Number of sessions taking a given amount of time to complete, for project 615.

Shorter sessions dominate for the last session of task implementation, and spikes in the counts indicate the use of round numbers in all session positions (e.g., 180 minutes, which may be half a day).

Perhaps round number work session times are a consequence of developers using round number wall-clock times to start and end work sessions. The plot below shows (left) the number of work sessions starting at a given number of minutes past the hour, and (right) the number of work sessions ending at a given number of minutes past the hour; both for project 615 (code+data):

Rose diagrams for minutes past the hour of work session wall clock start (left) and end (right).

The arrow (green) shows the direction of the mean, and the almost invisible interior line shows that the length of the mean is almost zero. The five-minute points have slightly more session starts/ends than the surrounding minute values, but are more like bumps than spikes. The start of the hour, and 30-minutes, have prominent spikes, which might be caused by the start/end of the working day, and start/end of the lunch break.

Five-minutes is a convenient small rounding interval to either expand implementation time, or to target as a completion time. The following plot shows, for each of the 47 individuals working on project 615, the number of actual session times and the number exactly divisible by five. The green line shows the case where every actual is divisible by five, the purple line where 20% are divisible by five (expected for unbiased timing), the dashed purple lines show one standard deviation, the blue/green line is a fitted regression model (0.4*Actual^{0.94 pm 0.04}) (code+data):

Number of sessions against number of sessions whose actual time is divisible by five, for 47 people working on project 615.

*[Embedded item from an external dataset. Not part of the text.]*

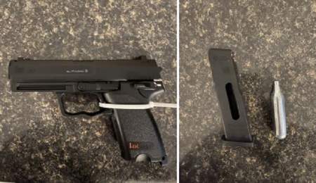 In a media release, Victoria police said they were called to the intersection of Douglas and Fort streets, after reports of a man with a fake beard in a Santa suit waving a gun in the air.

It appears that on average, five-minute session times occur twice as often as expected by chance; two individuals round all their actual session times (ok, it’s not that unlikely for the person with just two sessions).

Does it matter that some developers have a preference for using round numbers when recording time worked?

The use of round numbers in the recording of actual work sessions will inflate the total actual time for most tasks (because most tasks involve more than one session, and assuming that most rounding is not caused by developers striving to meet a target). The amount of error introduced is probably a lot less than the time variability caused by other implementation factors (I have yet to do the calculation).

I see the use of round numbers as a means of unpicking developer work habits.

Given the difficulty of getting developers to record anything, requiring them to record to minute-level accuracy appears at best optimistic. Would you work for a manager that required this level of effort detail (I know there is existing practice in other kinds of jobs)?